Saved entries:
□ □ □ □
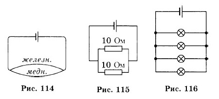 1090. На рисунке 114 изображены две параллельно соединенные проволоки одинаковой длины и одинакового сечения, но из разного материала: железная и медная. По какой из них пойдет ток большей силы? Почему?
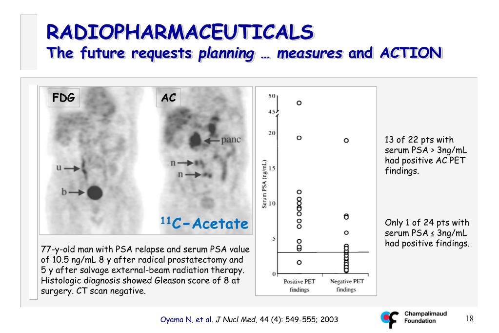 FDG AC RADIOPHARMACEUTICALS The future requests planning … measures and ACTION 13 of 22 pts with serum PSA > 3ng/mL had positive AC PET findings. Only 1 of 24 pts with serum PSA ≤ 3ng/mL had positive findings. 11C-Acetate 77-y-old man with PSA relapse and serum PSA value of 10.5 ng/mL 8 y after radical prostatectomy and 5 y after salvage external-beam radiation therapy. Histologic diagnosis showed Gleason score of 8 at surgery. CT scan negative. Oyama N, et al. J Nucl Med, 44 (4): 549-555; 2003
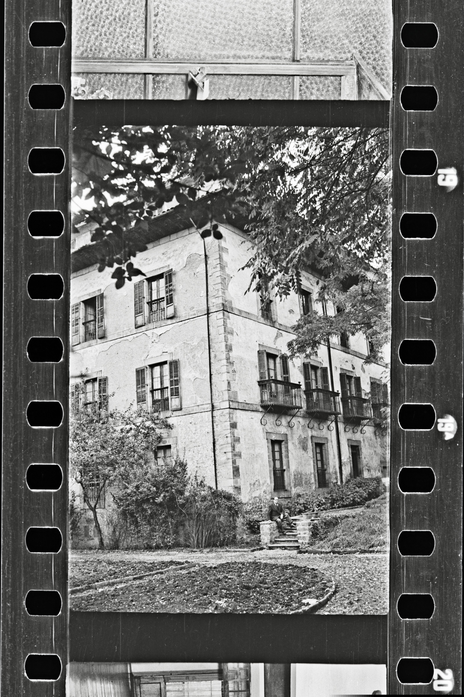 | Hombre en el jardín del palacio de Irizar; en segundo plano se pueden ver dos fachadas de la casa: las que dan al paseo de Irizar y a la calle Kruz Gallastegi | Interiores casa Irizar 1956 |
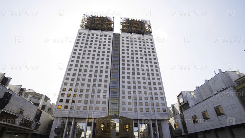 Здание РАН в Москве. Идите дальше. Нижний вид необычной архитектуры советского модернизма. Комплекс зданий Президиума Российской академии наук. Красивые архитектурные достопримечательности Москвы
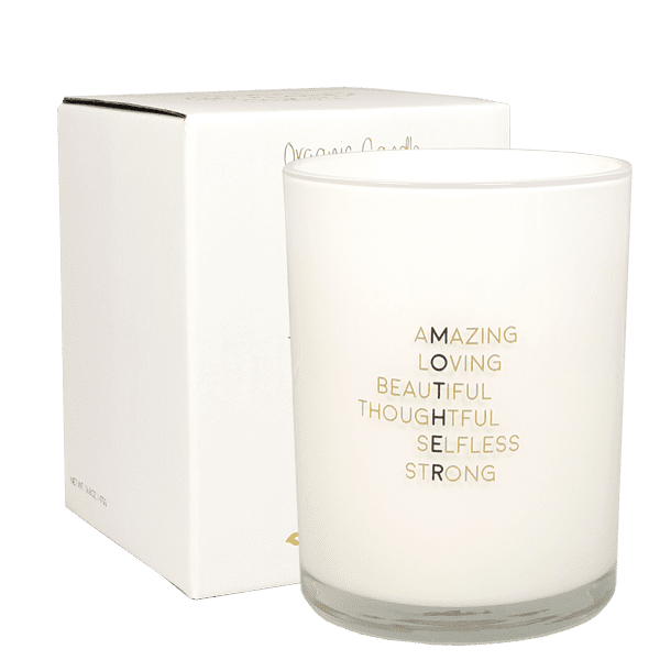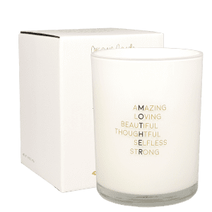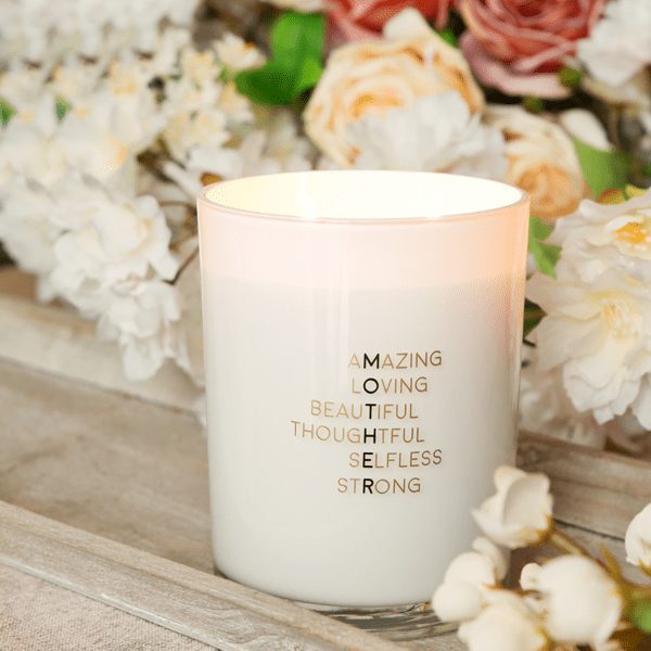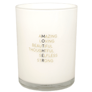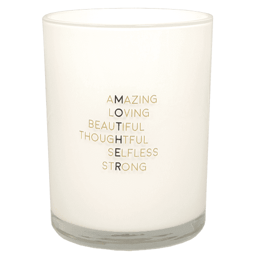 Dit is een grote, mooie geurkaars voor een hele lieve moeder. Op de kaars staan 6 mooie woorden onder elkaar die verticaal het woord ‘MOTHER’ spellen. Een prachtige kaars voor moederdag of zomaar om moeder even in het zonnetje te zetten.
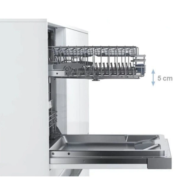 Верхній короб обладнаний потрійною рейковою системою, завдяки чому можна регулювати кошик по висоті до 5 см. Це дасть змогу розмістити високі тарілки чи інший посуд. А головне, регулювати висоту можна, коли короб вже повністю завантажений!
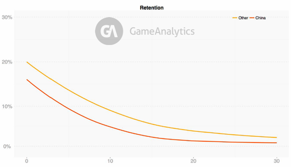 留存率曲线也反映了中国玩家的这种行为。从第20天开始,大部分的中国玩家会放弃游戏,留存接近于零,而留下的极少数玩家则是会较长时间活跃于游戏内的重度参与玩家。而其他国家的留存率在前面30天都是高于中国玩家大约2%,过了30天以后与中国玩家留存率越来越接近。
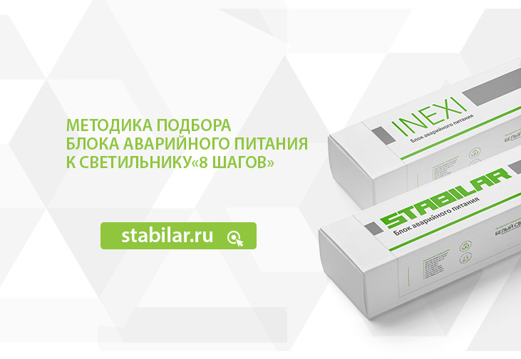 Представляем вашему вниманию удобный конфигуратор по подбору блоков аварийного питания от экспертов компании «Белый свет» - stabilar.ru. В случаях, когда для организации аварийного освещения требуется сохранить единый дизайн и концепцию освещения, когда организовать аварийное освещение требуется на уже установленных на объекте светильниках - специалисты компании «Белый свет», рекомендуют использовать блоки аварийного питания STABILAR®, INEXI®. Блок аварийного питания (БАП) позволяет светильнику дополнительно к функции рабочего освещения выполнять функцию аварийного освещения.Разнообразие источников света представленных на современном светотехническом рынке, конструктивные особенности самих световых приборов требуют использования различных блоков аварийного питания, в зависимости от исходных технических характеристик и стоящих задач. Специалисты компании «Белый свет» разработали методику подбора БАП к световому прибору «8 ШАГОВ», которая позволит качественноподобрать блок аварийного питания к любому светильнику с учетом стоящих перед Вами задач. Для этого Вам потребуется сделать восемь шагов, которые представлены в таблице №3 каталога «Блоки авариного питания STABILAR-2, INEXI-2» (стр.11) или воспользоваться удобным конфигуратором подбора на сайте stabilar.ru.
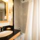 A flat-screen TV with cable channels and a refrigerator are featured in each room. The en suite bathroom includes a walk-in shower, plush bathrobes and a hairdryer.
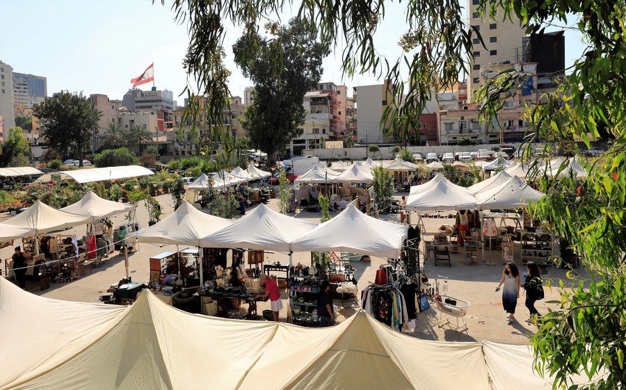 People visit a flea market in Beirut, Lebanon, June 3, 2022. The five-day flea market kicked off on Wednesday. (Xinhua/Liu Zongya)
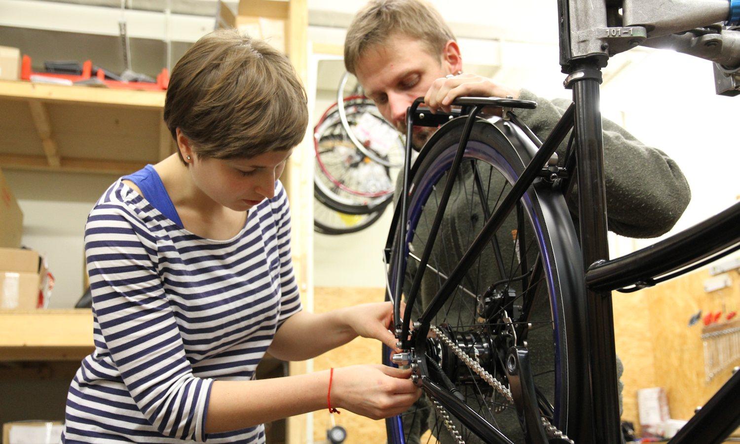 Platten flicken, Scheibenbremsen warten, Schaltung einstellen, oder Notreparaturen unterwegs im Gelände: In unseren Reparatur-Kursen geben unsere Mechaniker:innen ihr Wissen weiter. Die kleinen Gruppen und die Infrastruktur unserer Werkstatt sorgen für lehrreiche und angenehme Kurse.
□ □ □ □
Could you reproduce exactly, and only, the lines from the one containing "People visit a" through the end of the records above, both included, while leaving out the pictures?

**Response area**
 People visit a flea market in Beirut, Lebanon, June 3, 2022. The five-day flea market kicked off on Wednesday. (Xinhua/Liu Zongya)
 Platten flicken, Scheibenbremsen warten, Schaltung einstellen, oder Notreparaturen unterwegs im Gelände: In unseren Reparatur-Kursen geben unsere Mechaniker:innen ihr Wissen weiter. Die kleinen Gruppen und die Infrastruktur unserer Werkstatt sorgen für lehrreiche und angenehme Kurse.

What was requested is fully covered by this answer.